New FCC head must reclaim authority over telecom
Washington Post / Bloomberg As the Federal Communications Commission gets a new chairman, probably this month, the agency faces historic resistance from the companies it is meant to regulate. The giant companies that sell access to the Internet are working on multiple fronts to ensure that no regulator has any real authority over them.
In a hearing last week before the U.S. Circuit Court of Appeals in Washington, a lawyer for Verizon Communications Inc. argued that when the FCC deregulated high-speed Internet access services in 2002, it gave up any authority to require that network access providers not discriminate in the way they provide their transport services to end-users, other networks and content providers such as Netflix and Google.
The next day, AT&T; Inc.’s chief lobbyist said that policy governing competition in Internet access should be set by the Department of Justice and the Federal Trade Commission, not the FCC. And two days later, Jon Leibowitz, the former chairman of the FTC, agreed that privacy concerns should be heard by his former agency. Leibowitz is now a private lawyer working on behalf of AT&T;, Verizon, Comcast Corp., Time Warner Cable Inc. and the trade associations for the wireless and cable industries.

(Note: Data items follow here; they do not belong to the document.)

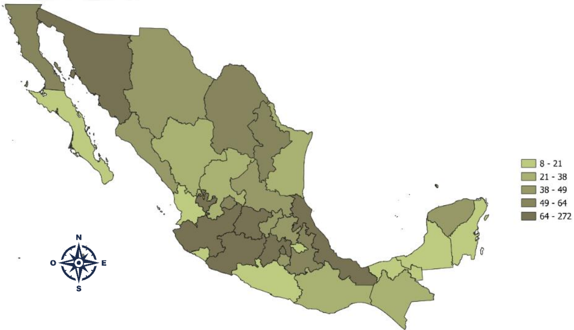
Figura 4 Concentración de panaderías por estado con 11 a 50 personas empleadas

Nota. Elaboración propia con datos de INEGI. Directorio Estadístico Nacional de Unidades Económicas (DENUE, 2024).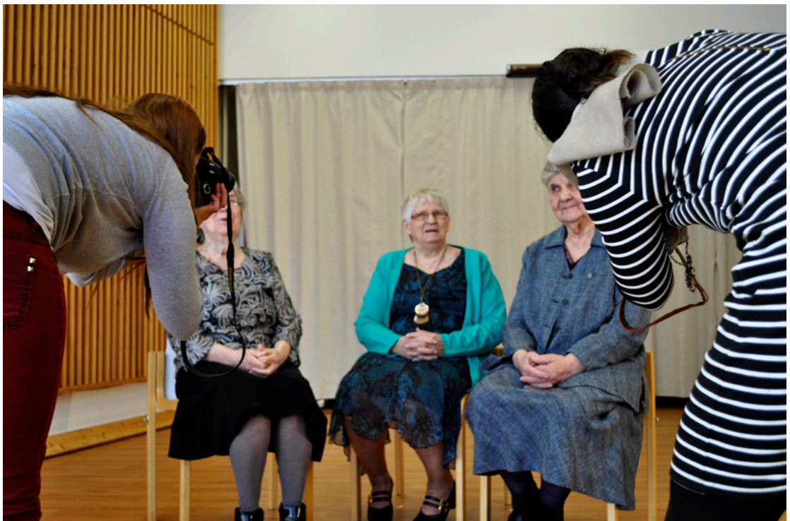
Kuva 13. Naiset kuvattavina.

liin saapuessa alettiin keskustella juhlavaatteista ja tärkeää oli, että myös me olimme pu- keutuneet juhlavasti. Rakensimme studiota niin, että vanhukset olivat paikalla ja mukana ihmettelemässä sekä keskustelemassa aiheesta. Meillä oli ajatus kuvata veteraaneja pie- nissä ryhmissä ja ryhmiksi muotoutui naisten ja miesten ryhmät. Jälkeenpäin pohdimme, johtuiko se naisten ryhmittymisestä vertailemaan mekkoja vai onko ennen ollut niin ta- pana vai oliko se vain luontevampi niin. Naiset käyttivät toisiaan peilinä: onko hiukset hyvin ja onko kuvassa sen näköinen kuin pitää. Tärkeää oli keskustelu, joka rakentui ku- vauksen ympärille vanhan ajan valokuvauksesta tähän päivään. Lähekkäin ryhmiin aset- tautuneena henkilökuvien ottaminen oli luontevaa eikä kenenkään tarvinnut olla kuvatta- vana yksin. Veteraani, joka oli alun perin kieltäytynyt valokuvaan tulemisesta, ilmoitti heti päivän aluksi: ”En ole lähdössä täältä minnekään!” ja ”Aion tulla myös huomenna.” Päivän päätteeksi hän vielä varmisti ”Nähdäänhän sitten huomenna... Voisin laittaa toi- sen mekon huomenna.” Oli tärkeää, että hän koki olonsa erityiseksi: ”Mehän ollaan kun filmitähtiä! Ja huomenna taas ollaan filmitähtiä!” (ks. kuva alla)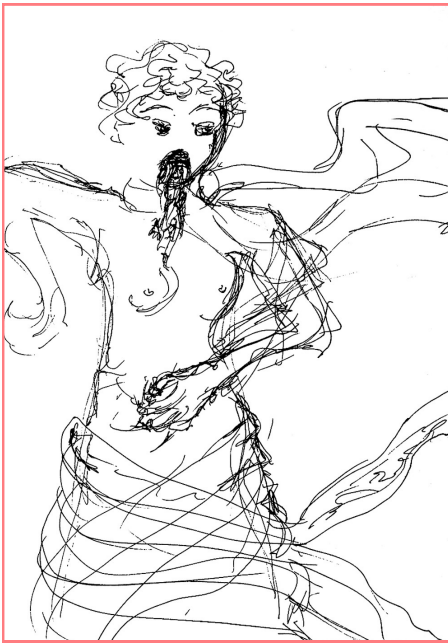
Chimère Œuvre de Sébastien Membre de l'association Arts Convergences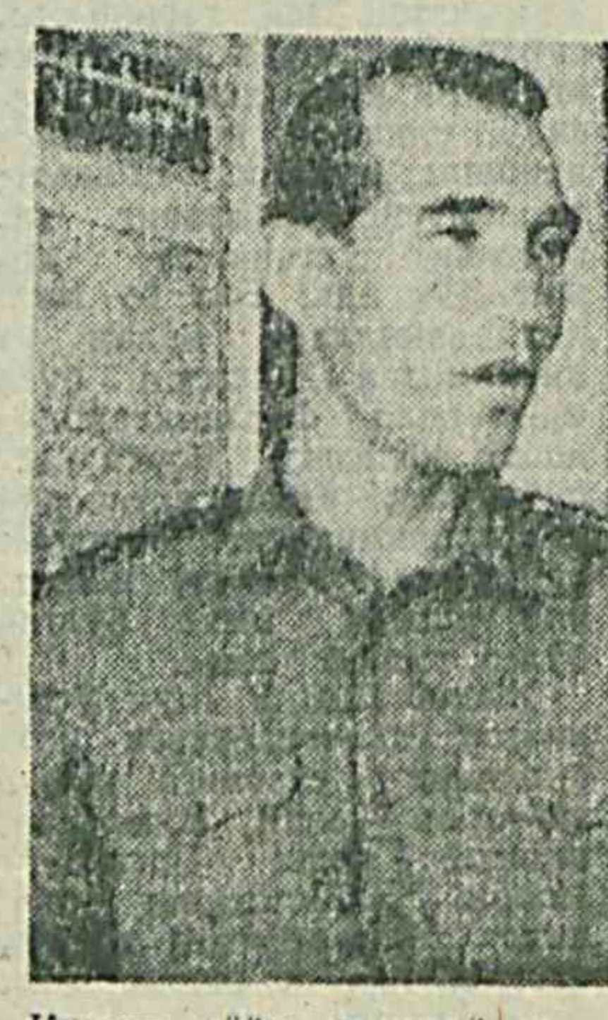
Қутлуғ айём, тарихий санаи жоноқон Узбекистонимиз мустақиллиги беш йиллиги таштаналарига ҳам оз кунлар қолди...

ақлоқ ўз ифодасини топган. Катта таърибага эга командир ўз кўл остидагиларининг барча ўқув машғулотлар бўйича юксак тайёргарликка эришилганини йўналиш тунуқу филоли хизмат қилиб келаяпти.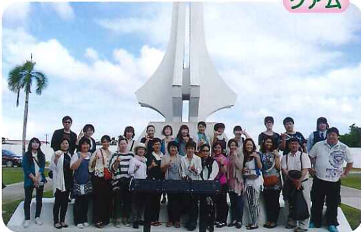
▲とてもいい天気ですね!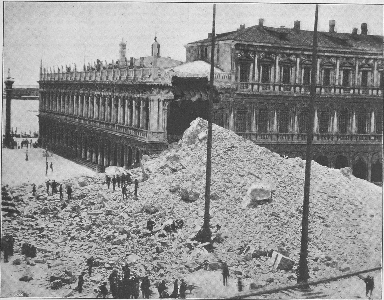
Nach einer Photographie.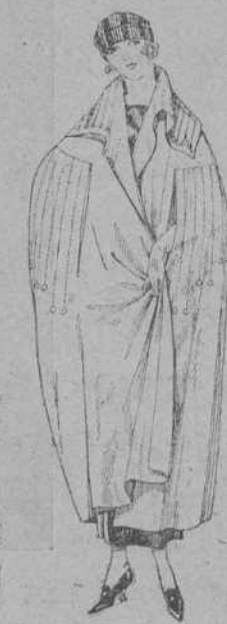
Capas de gabardina, paneta, etc., de diferentes colores. De ptas. 85 a 125.

Peletería, Camisería, Géneros de punto, Corbatería, Guantería, Sombrerería, Zapatería, Paraguas, Bastones y Artículos de viaje.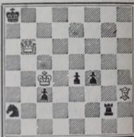
Mat en 4 coups 3+6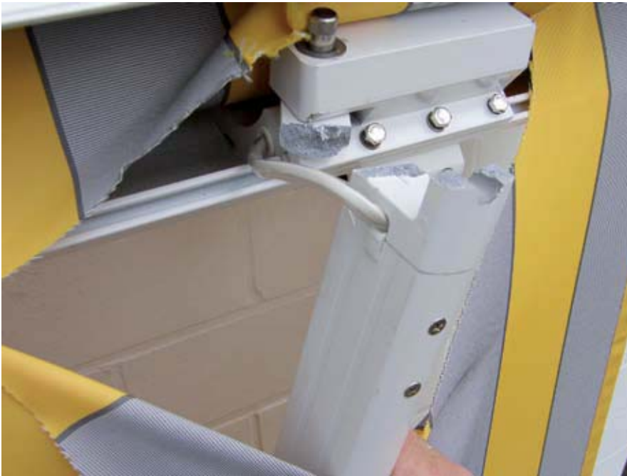
Ursache: Materialbruch in der Gabel des Oberarmgelenks.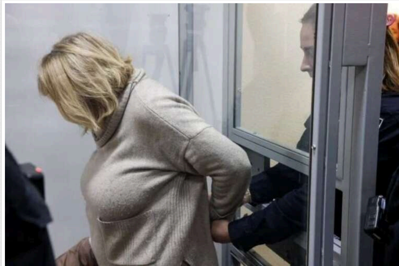
Корупція в Хмельницькій МСЕК: З ким спілкувалася Крупа і що знайдено в її айфоні

Адвокати підозрюваної голови МСЕК Хмельницької області намагалися оскаржити арешт її майна.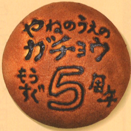
メッセージ入りデカメロン (240円)

2011年末より、既にその大きさと食感で人気商品だった「デカメロン」にお客様の希望するメッセージを描き込むサービスを開始。年明けより北日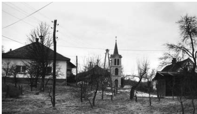
Vaški dom in zvonik pred obnovo.

Letos bo imel precej dela, saj tukajšnje gasilsko društvo praznuje poletni 80. obletnico ustanovitve. Do takrat bi radi končali začeta dela na domu ter obnovili streho, okna in fasado zvonika. Za obnovo »törna« so predvideli nekaj več kot tri milijone tolarjev. Zvonik iz 1941. leta enako služi evangeličanom in katoličanom.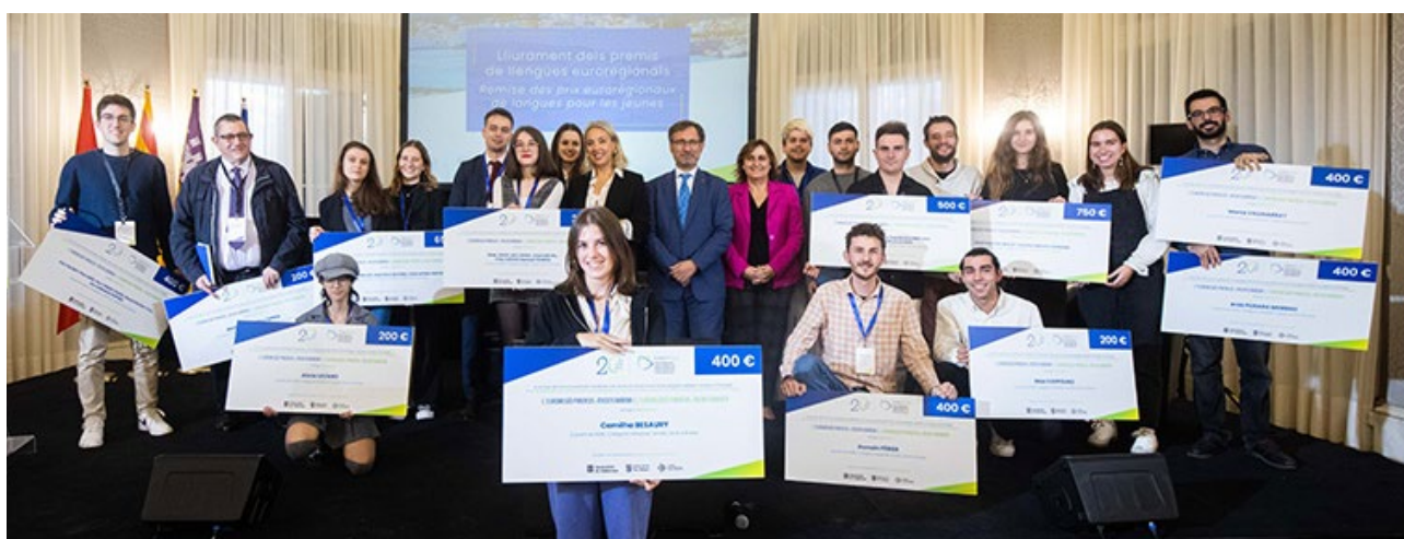
Premis del premi CREA OCCAT. Barcelona. 7 de novembre de 2024.

En relació al Concurs de joves creadors a les xarxes socials en català i occità , al febrer de 2023 es va fer entrega dels premis de la primera edició del concurs, convocada a l'octubre de 2022. La cerimònia de lliurament, que va tenir lloc a Tolosa de Llenguadoc durant el traspàs de la presidència d'Occitània a Catalunya, va posar de manifest la capacitat creadora del jovent de l'Euroregió. En total es van repartir 15 premis a joves d'entre 16 i 30 anys que encoratgen l'ús del català i l'occità a les xarxes socials. A finals de 2023, i després de l'èxit de la primera convocatòria, la Comissió de Cultura va llançar una nova convocatòria del concurs, amb l'adjudicació de 16 premis a joves creadors. La cerimònia de lliurament dels premis d'aquesta edició va tenir lloc durant la celebració dels 20 anys de l'Euroregió el 7 de novembre de 2024.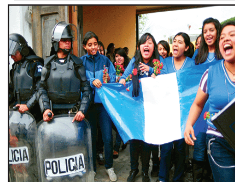
GUATEMALA.- Lucha de estudiantes Normalistas entra en nueva fase

PANAMÁ: Derrumbe de la Sala V, pero siguen las amenazantes privatizaciones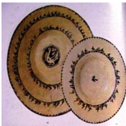
تصویر ۱۸. سفال با نقوش سیاه بر زمینه سفید با تکنیک زیر لعاب، نیشابور، مأخذ: گروبه، ۱۳۵۴: ۹۲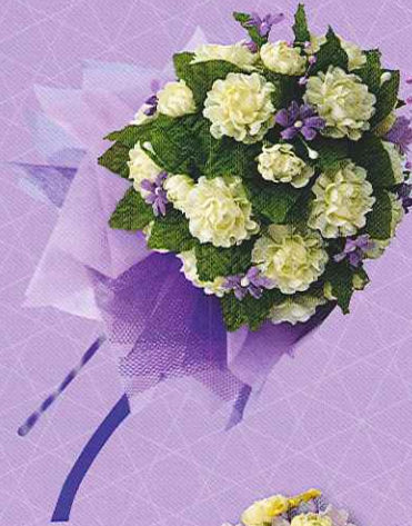
7 ช่อมะลิ...ปิดรัก ราคา 250.- บาท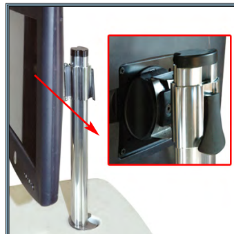
Bras écran multidirectionnel avec réglage indépendant de la hauteur. Conforme à la norme de montage Vesa 75/100 mm.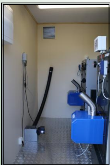
Fastbränslepannor 2 st Ariterm 360

20 fots container med färdig dragen el & vvs, värmeväxlare 100 kw för anslutning till kulvert.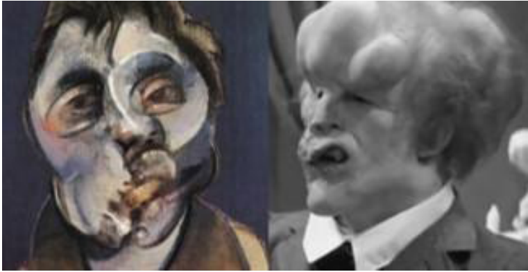
«Autorretrato» (1969) de Francis Bacon / El hombre elefante de David Lynch (1980)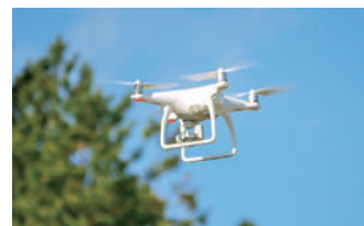
人気の機体で実技実習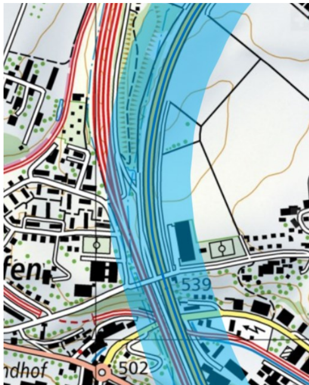
Abbildung 4: Lage und Konsultationsbereich der Nationalstrassen

(KonsBereich_F) als hellblaue Fläche (Farbwert R: 150, G: 200, B: 200, 50% transparent) auf einem gemeinsamen Layer visualisiert.

The Senate can finally confirm Tom Wheeler as FCC chairman, now that he has been paired with Republican Michael O’Rielly as a candidate for another seat on the commission.
It’s imperative that Wheeler reclaim the FCC’s authority over telecommunications. Otherwise, Americans may lose the high-quality, reasonably priced and ubiquitous communications capacity that they have enjoyed since electronic communications began. Smart and appropriate regulation would bolster our country’s competitiveness and help unleash the productive potential of the middle class.
Consider the access providers’ claim that antitrust law can be used to manage any threats to innovation or competition in the concentrated market for wired high-speed Internet connection. (Over the past year, 85 percent of new subscriptions went to local cable monopolies, all of which sell content as well as data transport.)
Leibowitz himself pooh-poohed that notion in 2007, when he pointed out that a high-speed Internet access provider “with monopoly power in a local market might use that power to block or degrade some applications or content that compete with applications or content the broadband company itself provides.”
Antitrust law, Leibowitz added, “would not prevent such a scheme except after a ‘rule of reason’ analysis” which would be “drawn out, uncertain, and expensive”—leading him to conclude that antitrust law “is not necessarily well-suited to protecting” consumers’ interests.
He was right. By its nature, antitrust law looks backward at specific cases, asking only whether a monopolist in one market is driving competing producers from a second market.
In the case of Internet access, however, the existing operators’ rational decisions to favor particular traffic and networks—even if they don’t completely exclude content competitors—cause real economic and social harm. Allowing communications transport companies to act as gatekeepers, choosing winners and losers, keeps the free market from functioning.
The FTC and Justice Department are both law enforcement agencies, not charged with economic regulation or industry management. The FCC, in contrast, enforces a “public interest” standard. It is allowed to consider values such as national economic competitiveness, economic inequality, and private companies’ incentives to provide reasonably priced fiber-optic connections or to connect their networks with others’.
The push to move privacy issues from the FCC to the FTC should be seen for what it is—the thin edge of a wedge designed to pry all authority from the FCC.
The existing network-access providers (mainly, Verizon and AT&T; for wireless and Comcast and Time Warner Cable for wires) just keep repeating their mantra that everything is fine in America. That’s simply not true, as any mayor interested in ensuring reasonably priced fiber connectivity for local businesses can attest.
The United States lacks any plan to upgrade from cable to faster fiber-optic connections, and there is no competition among providers to drive technology upgrades. Nor do the providers have any incentive to treat fairly any interconnecting networks being used by their content-level competitors (again, think of Netflix). Instead, as Verizon’s lawyer told the court last week, they’re planning to exact payments from these networks for the privilege of reaching their subscribers on the equivalent basis as Verizon’s own services.
What’s at stake is more than just how the FCC treats AT&T;, Verizon, Time Warner Cable and Comcast: It’s the country’s competitive future.
It’s encouraging that Democrats and Republicans in the Senate seem willing to come together to approve the new FCC commissioners. Wheeler and the administration must now rise to the regulatory challenges ahead.
Crawford, a professor at the Cardozo School of Law and a fellow at the Roosevelt Institute, is the author of “Captive Audience: The Telecom Industry and Monopoly Power in the New Gilded Age.”